Since schools are requiring the use of the Internet, students have to adjust to a more digital atmosphere. Used by students as a primary reference source and for daily communication, the unreliability of the campus network has students frustrated.
“I get aggravated when the server goes down because I use the Internet to get all the news in the world such as sports and business. I check my e-mail a lot because I get more e-mail than phone calls and I use Instant Messenger more than the phone,” junior Ryan Dixon said. ” When I do not have the Internet, I feel disconnected from the world unless I buy a newspaper. Because I go to Cabrini, I try to deal without the Internet, because it usually goes down once a week. Having a reliable network is not possible here, because when the net goes down no one knows why and it happens often. It doesn’t run well and it needs to be taken care of.”
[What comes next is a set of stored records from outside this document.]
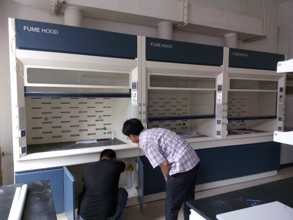 长春06-2钢木通风柜规格<br/>名称<br/>规格<br/>备注<br/>通风柜<br/>1200*850*2350<br/>所示规格为通用规格<br/>客户如有特殊要求,可以订做<br/>1500*850*2350<br/>1800*850*2350<br/>……<br/>1.长春06-2钢木通风柜整体为钢木结构。<br/>2长春06-2钢木通风柜.通风柜技术规范及材质说明:<br/>框架材料为上海宝钢产优质冷轧钢板,厚度≥1.2mm。金属表面经环氧树脂喷涂,高温固化处理不存在裸露金属面(含切割面、螺孔),喷塑厚度及质量要求达到国家规定标准,附着力好,外观细腻。整体具有较强的耐蚀性。<br/>(1)长春06-2钢木通风柜内衬板、导流板:采用厚度6mm厚抗倍特耐腐蚀板制作,分层(上、中、下),并使柜内无排风死角,各种比重气体均能顺利排出柜外,三块导流板使处于不同高度空间有害气体以控制浓度小于0。5ML/M3的性能指标分别从不同段区排出,拉门开启10cm时操作口表面风速0.3-0.5M/S的速度将通风柜中气体排出,确保无任何残留气体存在。排风量1000-1600M3/h,噪音低。<br/>(2)长春06-2钢木通风柜顶板:电源采用专业设计的10A或16A三极多功能插座,具有防尘、防酸碱、防水设计;并配置漏电保护开关,有效保证人员及设备安全。<br/>(3)长春06-2钢木通风柜:隐藏式光源,在顶板上配置40W防爆型日光灯,保证工作面不低450LUX的亮度标准,不与柜内气体接触,易更换。<br/>(4)长春06-2钢木通风柜拉门:双悬式玻璃门,材质为铝合金框架镶嵌5mm钢化玻璃,上下开启,操作方便灵活,拉门底部应有橡胶减震垫,以减少开关时的冲击。无段式平衡法码,拉门时上下自如,可任意位置停留。<br/>(5)长春06-2钢木通风柜传动:双悬玻璃门通过导轨、配重滑轮组、钢索、配重等同步传动,上下开启灵活方便,噪音低。<br/>(6)长春06-2钢木通风柜台面部分:采用12.7mm实芯理化板台面。<br/>(7)长春06-2钢木通风柜箱体:门板、柜体板材,采用18mmE1级防潮高压中密度三聚氢胺板。<br/>( 8 )长春06-2钢木通风柜 风柜控制(LED液晶显示): A采用大屏幕LED液晶示控制屏,触摸式开关,):<br/>时钟:用于显示24小时实时时间。<br/>风机定时开机:可设定定时开机时间,如早上8点,以便于自动化管理。<br/>风机定时关机:可是设定定时关机时间,下班后自动关闭,无需人工看管。自动化控制。<br/>菜单式界面;易于操作。<br/>大屏幕LED液晶显示,蓝色背光,科技时尚感强,各项参数显示明了。。<br/>( 9 ) 长春06-2钢木通风柜化验小水杯:采用6mm厚PP材料一体成型,耐酸碱。<br/>( 10 ) 长春06-2钢木通风柜化验水龙头:90°单头额颈、陶瓷阀芯,化验龙头;<br/>( 11 )长春06-2钢木通风柜电源控制装置:电源、插座、漏电、过载、欠相、逆转等故障保护;<br/>( 12 )长春06-2钢木通风柜 风机控制:可控性强!*可控制380v, 5.5KW三相交流异步电动机的启动与停止。<br/>( 13 )长春06-2钢木通风柜 插座:采用两联六孔实验式专用万能插座,可适用各种实验室仪器插头;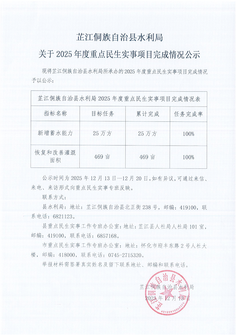 芷江侗族自治县水利局关于2025年度重点民生实事项目完成情况公示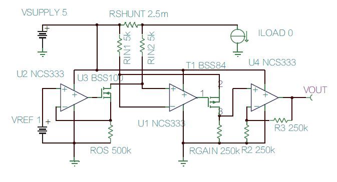· 运放必须是轨对轨输入,或者有一个包括正供电轨的共模电压范围。零漂移运算放大器可实现最小偏移量。但请记住,即使使用零漂移轨对轨运放,在较高的共模范围内运行通常不利于实现最低偏移。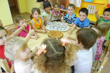 За то проснувшись, работа закипела ещё быстрей и и веселей: из готового теста малыши наперебой вырезали "птичек" и ловко размещали тесто на большом противне... Ожидание длилось недолго - через 15 минут вкуснейшее лакомство было готово !

The Internet is useful to students, but with the frustration when the network is down, are students too dependent on it? Sophomore Karen Bonin said, “Cabrini students are no more dependent on the web than any other students. Teachers have made it a necessity, so it would be almost impossible for college students in general not to be dependent on it.”
Some professors at Cabrini require students to use their personal websites, which increases web dependency. Some professors post the syllabus on the web and students submit their papers via e-mail attachment. The problem with this is sometimes the sites are down and cannot be accessed. And, of course, when the server is down, how are students supposed to send anything to teachers?
English professor Marilyn Johnson is an avid web user. In fact, she has her own website which she uses to communicate with her students between classes. Johnson distributes a one-page syllabus to her students in class, and the syllabus tells them where they can find the rest of the information.
“Currently my students send their papers to my e-mail, to the WebCT class page, and to Turnitin.com,” Johnson said. “I am experimenting with all three ways to see which one works best. However I get the papers, I then read and comment on them using Insert Comments or Track Changes and e-mail them back to the students.”
Johnson also has a class e-mail group. This allows students to keep in touch with the teacher outside of the two class meetings. It is ideal for students who are too shy to participate in class.
How dependent on the web is Johnson? “I really, really like having this tool,” she said. “I like being able to be in touch with my students at any time. I also use e-mail to arrange conferences with advisees and to do some advising, too.”
As uses for the Internet continue to expand, students will be expected to be web savvy.